▶ [Task to complete]: Give again, word for word, the lines below that run from the line with "2. - Cuando" through the line with "葉童及陳法拉均表示已經打好底". Drop the pictures.

▶ [Given records]:
........

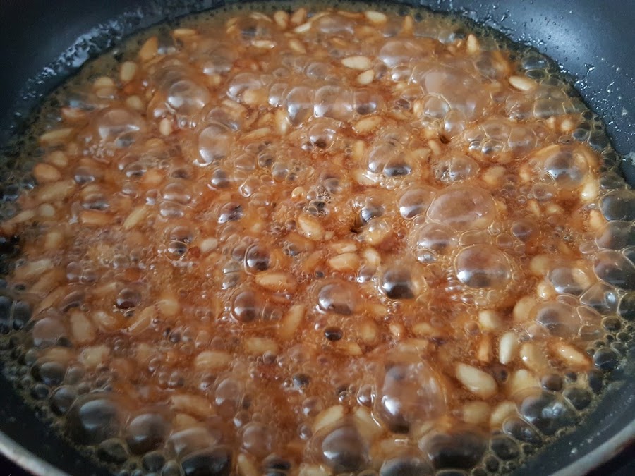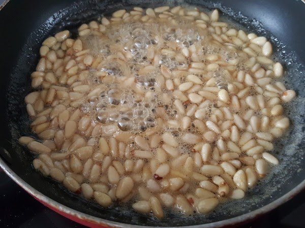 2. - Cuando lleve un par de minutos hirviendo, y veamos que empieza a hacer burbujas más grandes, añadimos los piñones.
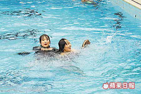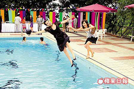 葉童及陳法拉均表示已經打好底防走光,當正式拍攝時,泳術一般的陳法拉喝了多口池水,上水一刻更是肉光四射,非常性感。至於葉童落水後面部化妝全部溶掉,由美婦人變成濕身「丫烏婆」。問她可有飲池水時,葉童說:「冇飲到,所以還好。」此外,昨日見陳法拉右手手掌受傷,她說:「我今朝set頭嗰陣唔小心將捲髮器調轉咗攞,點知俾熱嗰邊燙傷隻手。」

........

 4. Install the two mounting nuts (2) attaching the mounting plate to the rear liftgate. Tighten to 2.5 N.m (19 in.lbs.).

........

▶ [Task result]:
 2. - Cuando lleve un par de minutos hirviendo, y veamos que empieza a hacer burbujas más grandes, añadimos los piñones.
 葉童及陳法拉均表示已經打好底防走光,當正式拍攝時,泳術一般的陳法拉喝了多口池水,上水一刻更是肉光四射,非常性感。至於葉童落水後面部化妝全部溶掉,由美婦人變成濕身「丫烏婆」。問她可有飲池水時,葉童說:「冇飲到,所以還好。」此外,昨日見陳法拉右手手掌受傷,她說:「我今朝set頭嗰陣唔小心將捲髮器調轉咗攞,點知俾熱嗰邊燙傷隻手。」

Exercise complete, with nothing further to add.